Senyawa organik yang mengandung gugus karboksilat (-COOH)

termasuk asam lemah. Asam lemah sendiri hanya terionisasi sebagian apabila
dalam air. Namun apabila dengan basa, H+ akan ditarik dari gugus karboksilat
kemudian terbentuk anion karboksilat. Namun reaksi ini tidak berlangsung
sempurna karena merupakan asam lemah kecuali digunakan basa yang lebih
kuat dari air (Fessenden dan Joan, 1986)

Nama lain dari asam salisilat adalah asam o-hidroksibenzoat. Asam

salisilat digunakan sebagai bahan antiseptik pada kulit (bedak kulit). Metil
salisilat digunakan utuk obat gosok atau minyak angin, sedangkan asam asetil
salisilat digunakan sebagai obat penghilang sakit kepala (aspirin) (Day dan
Underwood, 2002)

Asam salisilat banyak digunakan untuk obat luar terhadap infeksi

jamur ringan, berkhasiat bakteriostatis lemah dan berdaya keratolitis. Berdaya
keratolitis yaitu pada konsentrasi 5% - 10% dapat melarutkan lapisan tanduk
kulit (Salirawati, dkk, 2007)
Koefisien partisi minyak-air adalah suatu petunjuk lipofilik atau hidrofilik
dari molekul obat.
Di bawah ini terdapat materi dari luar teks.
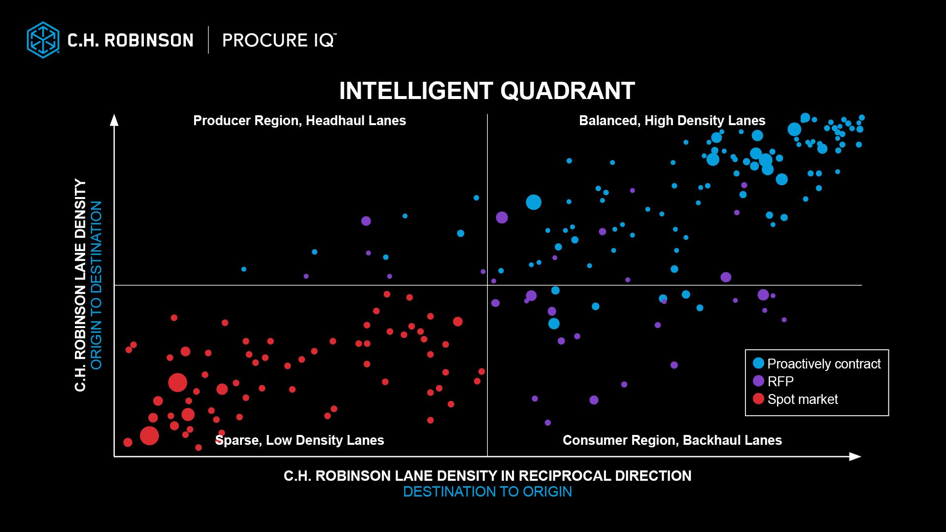 The Procure IQ tool can suggest a proactive contract with C.H. Robinson or another carrier to create multi-leg, dedicated or continuous moves. And C.H. Robinson said it helps shippers determine how much risk is too much risk from the spot market pricing on a particular lane.
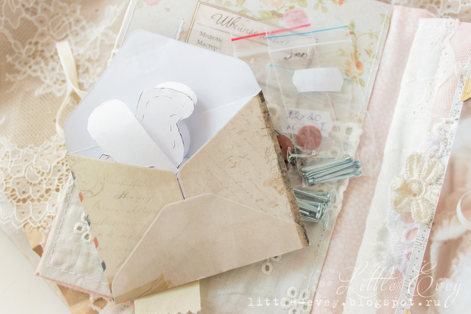 Справа захотелось разместить небольшой бумажный конвертик, где можно будет хранить различные мелочи вроде пуговок, пришитых к палетке, бирочек, визиток и другого.

Lewatn ya obat memalui membran lemak dan interaksi dengan
makromolekul pada reseptor kadang-kadang berhubungan baik dengan n-
oktanol/air. ( Martin, dkk, 1990)

Lipofilitas molekul diukur dari nilai log P dengan P dinyatakan sebagai

koefisien partisi kelarutan dalam lemak/air yang mempunyai nilai -0.4 sampai 5
dan optimal pada nilai logP-3 (Husniati, dkk, 2008)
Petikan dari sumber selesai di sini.